Thursday, August 14th, 2003
I'm off to Vermont -- we'll be in Burlington for a week, visiting Liling and family -- so no updates til I get back next Sunday. Read the sites linked on the left hand side of this page for information and opinion.
Tuesday, August 12th, 2003
I'm backpedalling from my assertion that the author of whose voice Martel's reminds me might be Rushdie -- I think the only reason I seized on Rushdie is the India connection, well and maybe also the accident-while-traveling-from-Asia-to-North-America* connection. Now the echo I'm hearing is of Vonnegut; equally likely is that Martel has simply an individual, unique voice, one with echoes in it of many authorial influences.

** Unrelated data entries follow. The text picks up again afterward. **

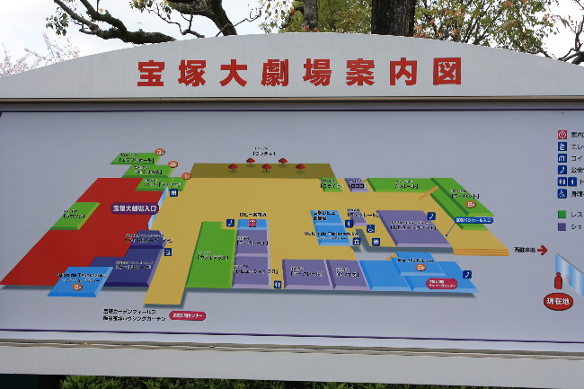 桜のトンネルを抜けると宝塚大劇場(宝塚歌劇)があります。
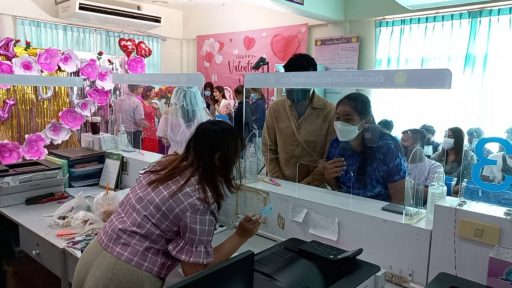 คู่รักจับบัตรคิวแต่เช้าจดทะเบียนสมรสวันแห่งความรักคึกคัก
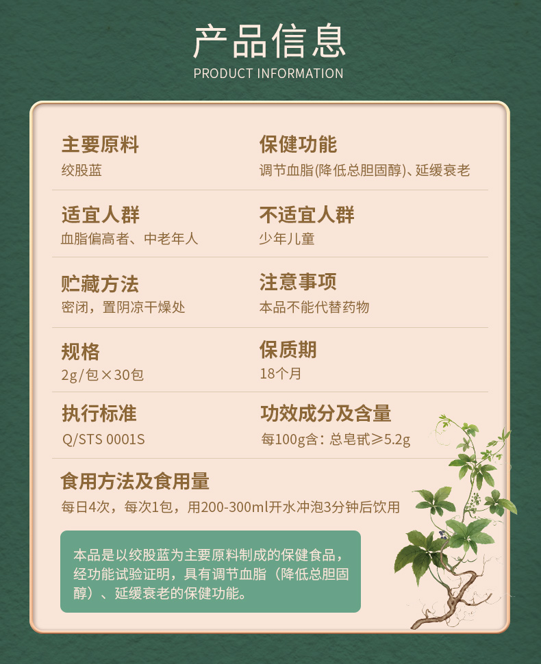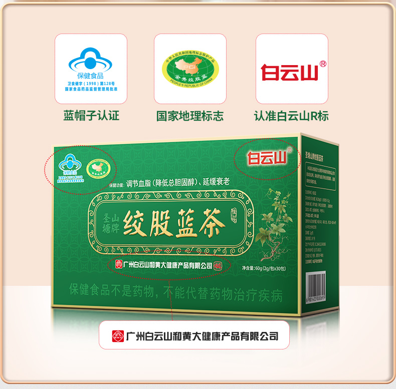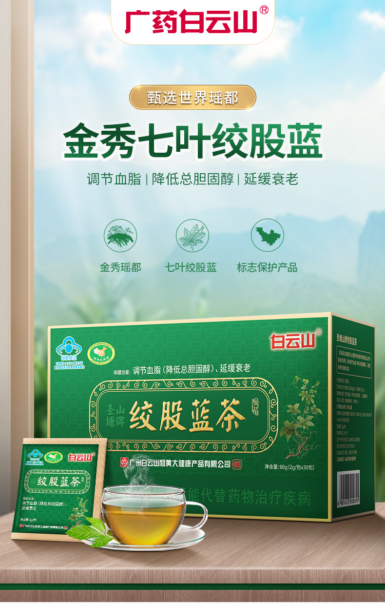 【买2送1】广药白云山绞股蓝茶 30包/盒 蓝帽认证 辅助调节血脂(降低总胆固醇) 延缓衰老
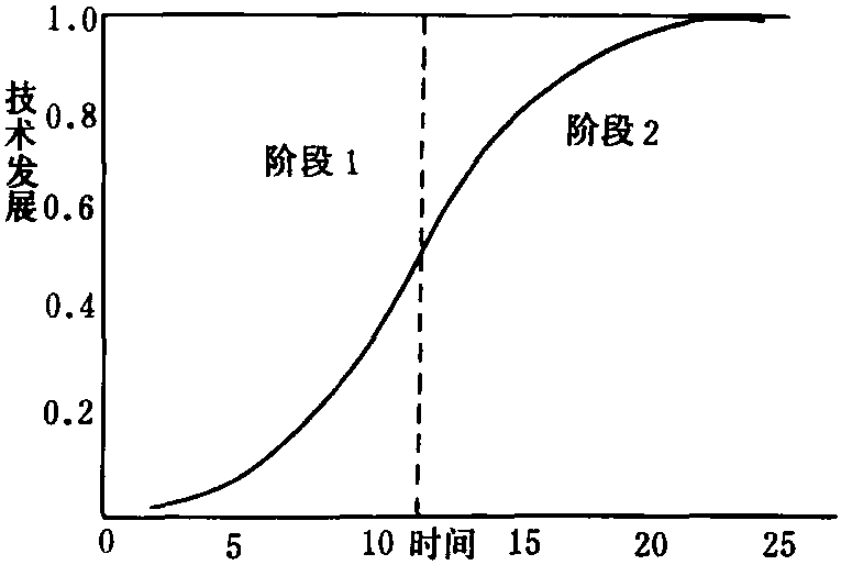 逻辑斯谛曲线 逻辑斯谛曲线Logistic Curve描述技术扩散程度的一种曲线。曲线呈S形。其轨迹的第Ⅰ阶段,曲线呈指数增长状态;第Ⅱ阶段,曲线反转趋于曲线的渐近线(见图)。该曲线可应用于研究技术扩散速度的“传染模型”中。在技术创新的扩散中,其扩散的是有关创新本身的信息。在某项创新尚未被广泛采用之前,非创新厂商对于该项创新的信息知之甚少,因此,采用该创新风险很大,随着越来越多的厂商采用创新,潜在采用者所获信息不断增加,采用该创新的有关风险相应减少,该创新扩散不断加快。但随着采用者的增加,潜在采用者的数目就会减少,因此,扩散速度会不断衰减直至终止。因此,曲线呈S形。这与R·弗农(R.Vernon)的产品生命周期的演化也是完全吻合的。运用该曲线进行研究的开拓性工作是Z·格里利切斯(Z.Griliches)于1957年发表的《杂交玉米:技术变化的经济探讨》一文;1969年曼斯菲尔德(E.Mansfield)在其《工业研究与技术创新:经济分析》一书中将该曲线完整化(见下图)。
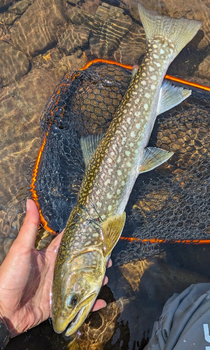 上がってきたのは50オーバーの巨大アメマスでした。こんな大物が幌川に潜んでいた事がビックリですし、隣の群別川で果たせなかった50オーバーの目標も無事達成。正確なサイズを計測すると52センチでした。
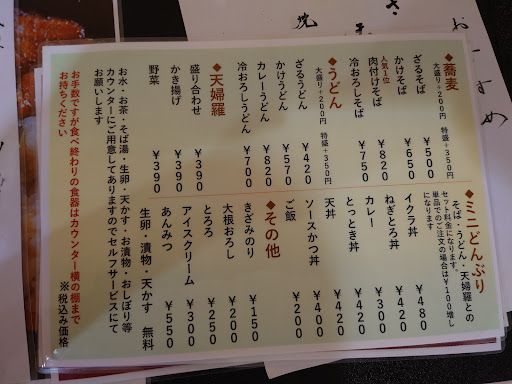 Read more店はとても上品でよい意味でランチ価格と釣り合っていません。 ランチのソバ、うどんの値段が安いです。 私はソバとイクラ丼を、頼みました。 そばつゆが塩辛くトケトゲしく感じました、 イクラ丼は大葉ときざみ海苔は良いのですが暖かいご飯だったのでは残念です。 これは寿司飯にすべきでは? 好みの問題だと思いますが。 このご時世、値段の頑張りも必要でしょうが店構えも雰囲気も良いので、もうひと手間かけて少し値段を上げても...
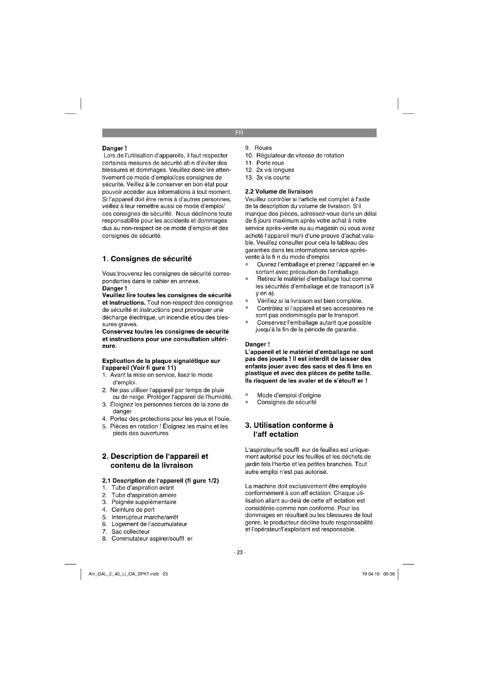 l‘aff ectation L‘aspirateur/le souffl eur de feuilles est unique- ment autorisé pour les feuilles et les déchets de jardin tels l‘herbe et les petites branches. Tout autre emploi n‘est pas autorisé. La machine doit exclusivement être employée conformément à son aff ectation. Chaque uti- lisation allant au-delà de cette aff ectation est considérée comme non conforme. Pour les dommages en résultant ou les blessures de tout genre, le producteur décline toute responsabilité et l’opérateur/l’exploitant est responsable. Anl_GAL_E_40_Li_OA_SPK7.indb 23Anl_GAL_E_40_Li_OA_SPK7.indb 23 19.04.16 09:3619.04.16 09:36FR
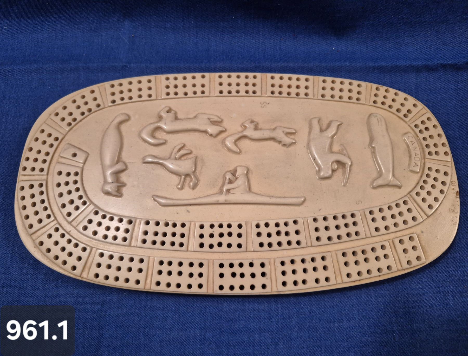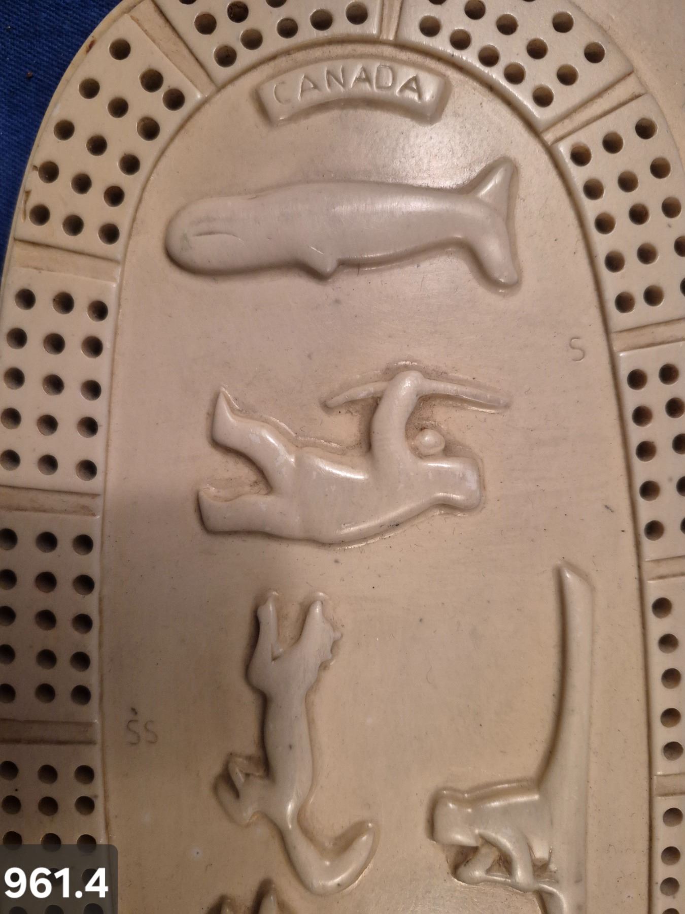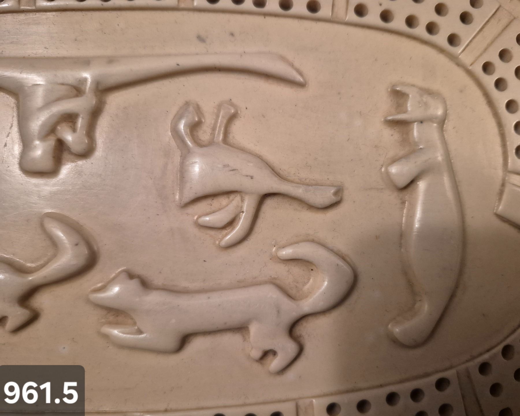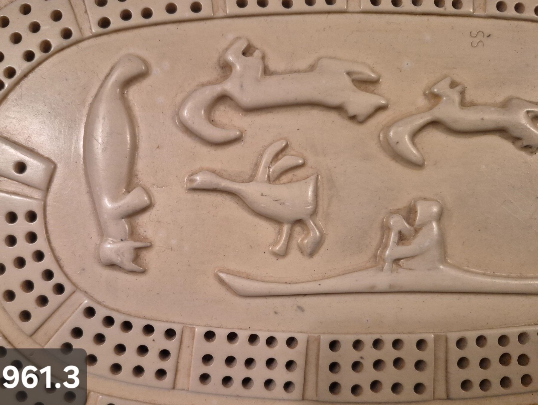 961. Inuit carving - cribbage board, signed by maker, excellent condition

Thinking of Vonnegut leads me into a distinction I wanted to draw between The Life of Pi and Nuns and Soldiers -- Murdoch was annoying me more and more as the book drew on with her absolute refusal to leave anything to my imagination; she insisted on following every germ of description up through its fullness of flower and keep going until it was a withered husk -- I wanted her beautiful descriptions a little less baroque, wanted some hasty sketch in with the luxuriant detail. Martel (from my reading thus far) tends a bit toward the Baroque but reins himself in, lets me figure some of it out.
And I'm going on a hunch here but I think -- if I were to sit down and catalog the books I have loved -- that I would find some inverse correlation between how much detailed description is in the book, and how much I like it -- and I realize as I am writing this that I am phrasing it wrong, I'm not sure just how to put what I'm trying to get at -- if you have a better idea for phrasing let me know.
Vonnegut would be an exception to this rule in a funny way. "Baroque" I guess is not at all a good description for his writing -- but I think he leaves very little to the imagination in his description of his characters' motivations and the consequences of their actions. And yet he was for a long time my very favorite author and is still up there on my (vague) list. I'm not sure quite why -- I have some ideas which I'll try to develop for a post on Vonnegut sometime.
*Update: And now I realize how long it's been since I read The Satanic Verses; I don't think Rushdie's accident even occurred en route from India to America. I'm pretty sure one of the countries involved was Great Britain. Oh well, disregard the whole Rushdie thing.
I found an essay by Martel: How I Wrote The Life of Pi.
Monday, August 11th, 2003
This morning I started reading The Life of Pi by Yann Martel -- my initial impression is that it is going to be a very good read, but probably not something to put on my list of "great books". I like all the characters I've met so far, I like the author's voice (though I think it seems a little derivative, of what I'm not quite sure but maybe Rushdie), the rhythm of syllables, the flow of words.